A PhD with a Purpose
“I got a piece of advice that I always thought was incredibly useful when I was considering where to pursue my graduate studies. It was to go to the place where the faculty can support the weaknesses in your knowledge,” says Hana Maruyama, who had been researching Japanese American incarceration and wanted to continue her research in graduate school. It’s a subject she has a personal family connection to, but even so, she knew she didn’t have all the answers yet.
After earning her BA in English from Carleton College, Maruyama worked for the Heart Mountain Interpretive Center and later the Smithsonian Asian Pacific American Center. This led her to pursue a PhD with the Department of American Studies. “I wanted a department that would not only allow my interests to be interdisciplinary but also encourage that kind of research,” Maruyama explains.
Conducting and Connecting to Research
Maruyama is currently researching Japanese American incarceration in the context of US settler colonialism. While working for the Heart Mountain Interpretive Center, Maruyama learned that the Apsáalooke American Indian Nation, more commonly known in English as the Crow Nation, had been displaced from Heart Mountain, Wyoming. “Seventy years later, during World War II, my grandmother and nearly 14,000 other people of Japanese ancestry were forced [to relocate] to Heart Mountain. The irony of those forced displacements—one from the site, the other one to that site—always stuck with me,” she explains. What’s more, Maruyama’s grandfather’s family had been incarcerated at Gila River, which is on the Gila River Indian Tribes Reservation. “It struck me as an odd coincidence that there were two examples of Native displacement just in my own family history,” she says.
Maruyama notes that she has been fortunate to take courses with Professors David Chang and Jean O’Brien. Chang is a historian of indigenous people, colonialism, borders, and migration in Hawaii and North America and O’Brien specializes in American Indian Studies, Native American Representations, ethnohistory, and US colonial history. “Settler colonialism is interwoven with basically every aspect of American history,” Maruyama says. “What happened during Japanese American incarceration is not coincidental at all—it’s just how US settler colonialism has always and continues to function.” She further explains how settler colonial studies is critical for thinking about how governmental structures work, but that by focusing on those structures, it is always in danger of erasing the voices of those affected by them.
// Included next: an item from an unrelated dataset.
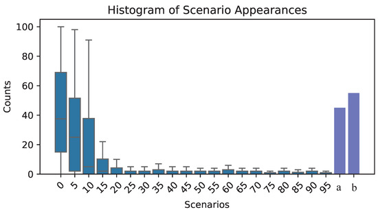 To demonstrate that ACD-NSGA-II outperforms other algorithms (e.g., PSO, ACO, NSGA-II, and GA) in common scenarios, independent experiments were conducted 100 times with random scenarios. The results were analyzed for each Pareto frontiers’ convergence shown in Figure 7. It represents a histogram of the number of times different scenes appear in the last generation.

A Supportive Place to Study
“The more I learned about the programs at the U, the more I knew it was a great fit for my interests and my research,” says Maruyama, citing opportunities like the brand new graduate minor in heritage studies and public history, which she is completing. “I was also really impressed that people would take the time to speak with me and seemed really interested and invested in my work,” she says. Professors Erika Lee and Kevin Murphy helped her navigate the process of applying for the PhD program and connected her with other faculty members to further develop her research proposal. “I thought that if they were willing to do that for a prospective student, they must be really good mentors for their actual students—and that’s absolutely continued to be the case for me,” Maruyama says. She has received support from faculty in a variety of disciplines, including her advisors, Professors David Chang, in history, and Juliana Hu Pegues, in American Indian studies and Asian American Studies.
Maruyama enjoys the freedom that American studies gives her to learn from a diverse array of courses and to work with professors both inside and outside of the discipline. The department supports her in other significant ways, too. Last year, they nominated her for a CLA fellowship—which she won—and this year, she gained valuable teaching experience by working as a Teaching Assistant (TA). She takes joy in seeing her students incorporate the lessons from class into their own lives. “I’m TAing for Pop Culture and Politics classes, and sometimes students will mention a movie they just watched and how they saw the themes of the class emerging in that movie,” Maruyama says. “To me, that shows that not only do they understand the topic, but they’re also able to apply the concepts and think critically about the role pop culture plays in their lives and the world around them.”
Current Projects & Future Plans
Currently, Maruyama is working on a podcast on Japanese American Incarceration during World War II for American Public Media, where she’s learning about other forms of public history. She is also helping Professor Yuichiro Onishi and the Japanese American Citizens League of the Twin Cities on an exhibition about Japanese American resettlement to the Twin Cities during and after World War II. “After leaving camp, my great-uncle had studied at the University of Minnesota and then was drafted into the Military Intelligence Service and trained at Fort Snelling during World War II, so this is a really incredible opportunity to learn about the community that he was in,” Maruyama says. “My dad grew up in Minnesota too, so it’s been great to learn more about the experiences of Japanese Americans in Minnesota.” Maruyama is also involved with a reading group on historical injustices. “I feel very lucky to be surrounded by people who are so passionate about their research and about making that research accessible to the public,” she says. The American studies department has given Maruyama what she needs to pursue her dream career in academia and public history.